だが、そう悲観する事もない。帰って来れたところでこの島も間もなく終わるのだから。

「解リマシタ」

姫は全員を見回した。

「砲兵ハ飛行場護衛ト対空攻撃、航空隊ハ空爆。整備班ハC滑走路ノ修理、頼ミマス!」

「ハイ!」

 

 

11月27昼過ぎ 大本営通信棟

 

「・・・じゃあ、やっと揃ったのね?あ、ご、ごめんなさい」

「いえ、私も正直そう思いますので・・・」

思わず五十鈴は「やっと」と言ってしまい、詫びた。

主力隊は混成部隊。戦艦10隻、重巡10隻、空母8隻、軽巡30隻に及ぶ大編成だ。

しかしそれゆえに、足並み、つまり船速が揃わなかった。

戦艦だけでも金剛型の高速戦艦と提督の鎮守府から来た伊勢や日向といった低速型が混ざっている。

加えて、これだけの艦を一気に装備換装出来るドックは大本営でも持っていない。

ゆえに、順番に整備しては送り出し、次の艦娘を入れる事になった。

この為、真っ先に出発した艦と最後に整備が終わって出発した艦では相当な時間差が生じた。

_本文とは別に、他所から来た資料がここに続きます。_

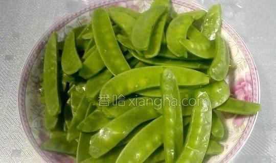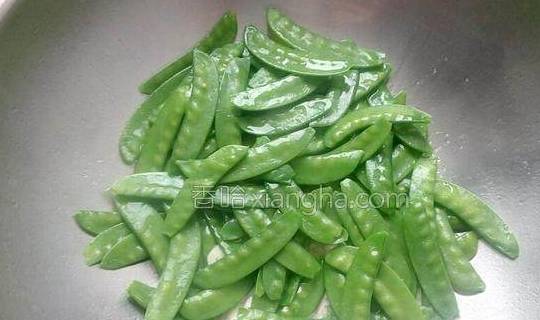 5.将荷兰豆放入滚水中焯1分钟,至颜色变翠绿时捞出。
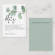 MINI sized 3.5 x 2.5” with this informal Script Green Eucalyptus Wedding Details Enclosure. The header is in an elegant set handwriting style with the details beneath and watercolor green eucalyptus leaves flowing across the top. Easily personalise with your own details.
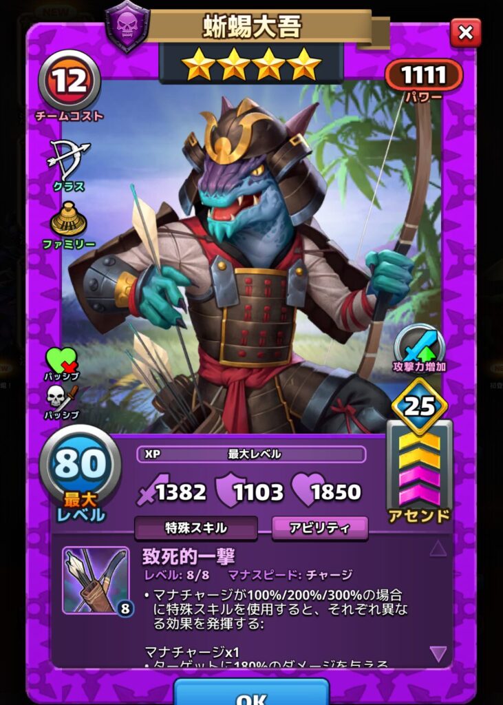 蜥蜴大吾は以下のファミリーに所属する最強レベル星4英雄です。
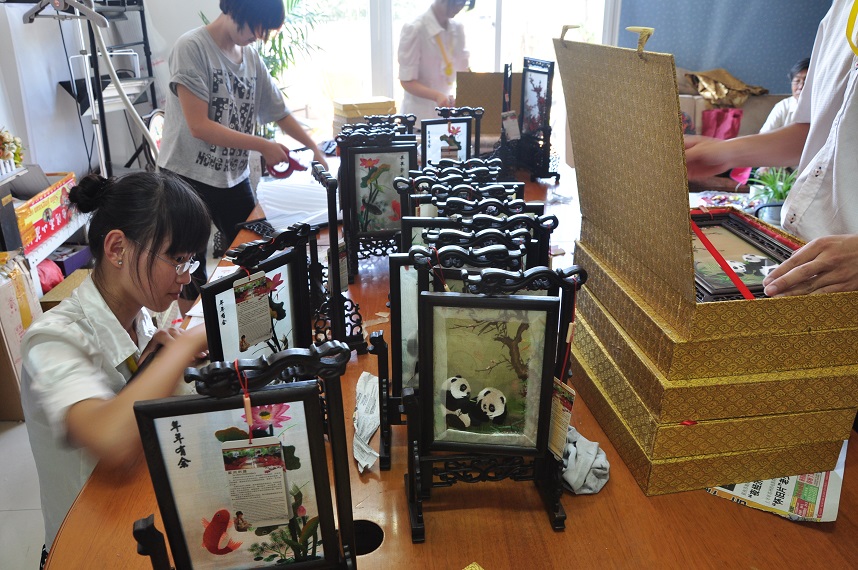 上一個(gè)季度是嬌古蘇繡又一個(gè)忙碌的季節(jié),蘇州泛洋船舶管理有限公司、南通能達(dá)建設(shè)投資有限公司等新老客戶來到蘇州嬌古蘇繡,在嬌古他們看到了純手工蘇繡的藝術(shù)魅力,紛紛贊賞。泛洋船舶即將在蘇州東山賓館舉行會議,今天特來嬌古蘇繡選一批會議紀(jì)念的禮品,泛洋船舶的沈總告訴我們“在眾多禮品行業(yè)中我們之所以選擇了蘇繡,是因?yàn)槲覀冇X得蘇繡是一種名族的文化,而且技藝精湛,好的蘇繡作品讓人嘆為觀止,沈總笑著說道現(xiàn)在習(xí)總書記出訪都帶蘇繡作為國禮,我們要響應(yīng)總書記的號召,選擇蘇繡是肯定沒錯(cuò)的。如今做蘇繡的企業(yè)很多,找一家正規(guī)的企業(yè)供貨是非常最重要的,在眾多企業(yè)中我們選擇嬌古蘇繡是因?yàn)閶晒抛龅奶K繡作品,做工精細(xì),服務(wù)也是讓我們非常滿意的”。
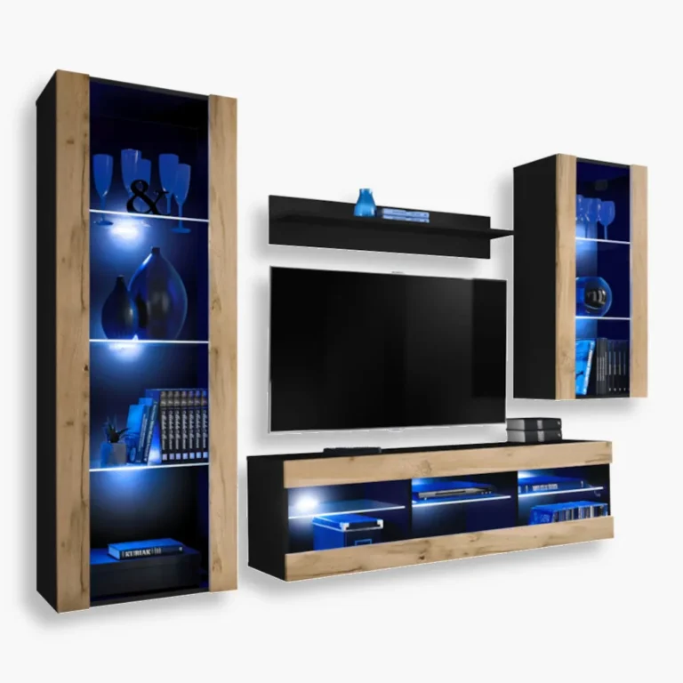 L’ensemble de meubles Forio (meuble TV + étagère) allie minimalisme moderne et fonctionnalité intemporelle. Il est idéal non seulement comme support pour votre téléviseur, équipement audio ou console de jeux, mais également comme espace de rangement pour vos livres, objets décoratifs ou souvenirs de famille. La disposition harmonieuse des éléments facilite l’organisation des câbles, appareils et objets favoris, tandis que le design léger et aéré souligne la cohérence visuelle de l’ensemble de la collection.
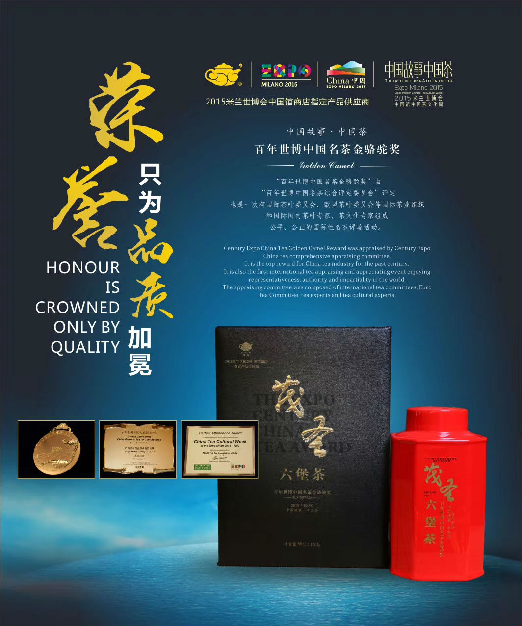 “Golden Camel Prize” in Expo Milan 2015-Italy, one of the top award in China Tea Industry.Tea is using year 2005, aging more than 12 years, represented the unique characteristics of liupao tea‘red, strong, aged, mellow’
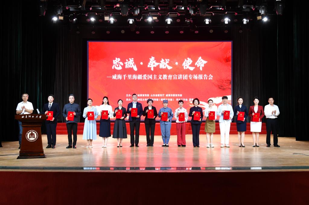 宣讲会上,宣讲团以“千里海疆红色史诗”为脉络,通过多个主题节目展开生动叙事。宣讲团首先以《甲午警世钟》拉开序幕,循着重见天日的定远舰铁甲,回溯甲午海战的悲壮历程。《旗帜》呈现了胶东第一支人民抗日武装在党的领导下走过的光辉历程。《我们的奶奶从未走远》讲述了108岁革命老人王淑珍始终坚守入党初心,用一辈子奋斗践行誓言的传奇人生。《胶东乳娘:战火中的爱与守护》再现了威海乳山300多位“红色乳娘”在战火中用乳汁哺育1223名革命后代且无一伤亡的大义壮举,让现场师生深切感受到信仰力量。《马石山十勇士:舍身忘死恸山河》聚焦马石山十勇士不惧牺牲而救援群众的英雄事迹。《他们就是最可爱的人》展现了威海抗战老兵参加抗美援朝战争、英勇保家卫国的峥嵘历史。《永远的怀念》讲述了科学家郭永怀为拯救重要科研资料而壮烈牺牲的故事,让现场师生潸然泪下。《“威海制造”耀国威》呈现了威海优秀企业和企业家大力弘扬劳模精神、劳动精神、工匠精神,为实现强国梦所作的贡献。
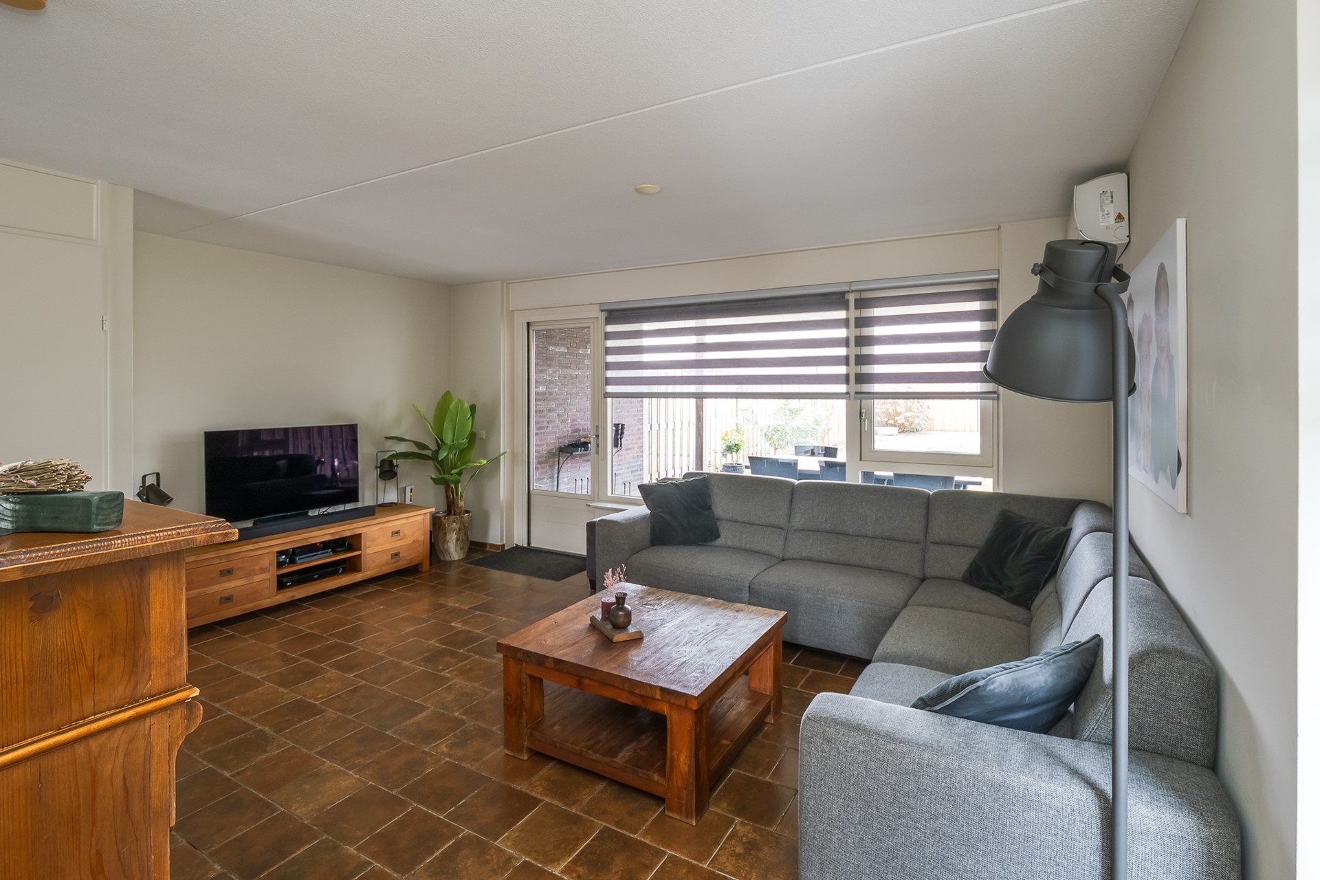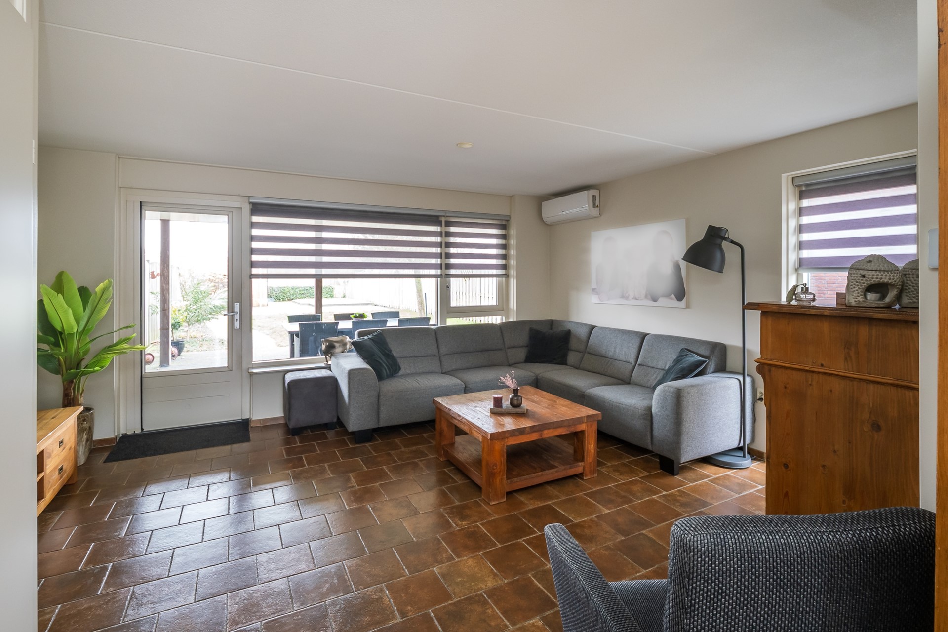 Het is écht thuiskomen in de royale living, een plek om te ontspannen of gezellige momenten met familie of vrienden te beleven. De grote raampartij en de openslaande deur zorgen voor een heerlijke verbondenheid met de aan het huis gebouwde veranda en de tuin. Het langwerpige raam in de zijgevel zorgt voor extra lichtinval. De airconditioner kan koelen en verwarmen en voorziet de volledige begane grond van een prettig binnenklimaat.

そして最後尾の到着を待っていた結果、昼を越えてやっと揃ったという訳である。

 

「はぁ、はぁ、はぁ・・・・」

伊勢は可能なら大の字に寝っころがりたかった。それくらい全速力で走ってきた。

しかし、スタートがほぼ最後だったが故に、どうにもならなかったのだ。

「ひゅ、日向、大丈夫?」

ちらっと日向を見て、伊勢は息を飲んだ。

あれっ?普通!?

少し顔が赤いだけで息も切れてない日向を見て、思わず聞いてしまった。

「なんで!?」

「強化型タービンと缶を入れたからな・・」

「ずっ、ズルい!」

「最後に低速型が出航するのだぞ、少しでも早く着く為に装備するのは当たり前だろう?」

「だったら・・・言ってよ・・・」

「当然付けていると思ったのだ・・・許せ」

日向との会話で少し落ち着いた伊勢は、五十鈴からのコールに気付いた。

「五十鈴よ、伊勢、応答して頂戴」

「はい、伊勢です!」

「これから主力隊の作戦を開始するわよ。貴方達も作戦通りしっかり務めて頂戴」

「私達、本当に予備で良いの?」

「ごめんなさい。正直言えば計画外だったから、予備班にしか入れられなかったの」

伊勢は経緯を思い出した。

日向と二人で各鎮守府を説得して更なる応援を求めると言ったのを、五十鈴が

「既に相当数の支援を受けてるの。通常戦闘も行う以上、これ以上は厳しい。辛いだろうけど解って」

と、言われ、

「貴方達の装備を無制限で入れ替えるから好きな物を言って。そして主力隊予備班に加わって頂戴」

と、代替策で提示されたのである。

伊勢は溜息を1つ吐いた。

まぁ、主力隊が全滅したら私達も行く事になる。この大艦隊が沈むとは思えないけど。

「解った。じゃあ頼むわ」

「よし!主力隊、作戦開始よ!」

伊勢は通信を終えると、日向だけに聞こえるように言った。

「何というか、鎮守府のすぐ傍に居るのに、隠れて待機なんて、ね」

日向は伊勢の肩を叩いた。

「きっとこれも運命なのだろう。我々が仕事出来る時に精一杯仕事しよう」

「じゃあタービン貸して」

「・・・・タービンだけだぞ」

「やった!あ、そこの洞窟でちゃちゃっと交換しよう!」

「そもそも、ドックじゃないところでタービン交換なんて出来るのか?」

「うちの妖精達は賢いから大丈夫!」

「まったく・・・」

溜息を吐きながら、日向は同じく予備隊だった隼鷹と飛鷹に向かって言った。

「すまない。ちょっとそこの洞窟で整備をしてくる」

隼鷹がニッと笑った。

「アタシ達も行くよ。時間あるんだし、座って艦載機の整備したいんだよね」

飛鷹は持ち場を離れる事に抗議の意思を示したが、皆が行くのではと肩をすくめて着いて行った。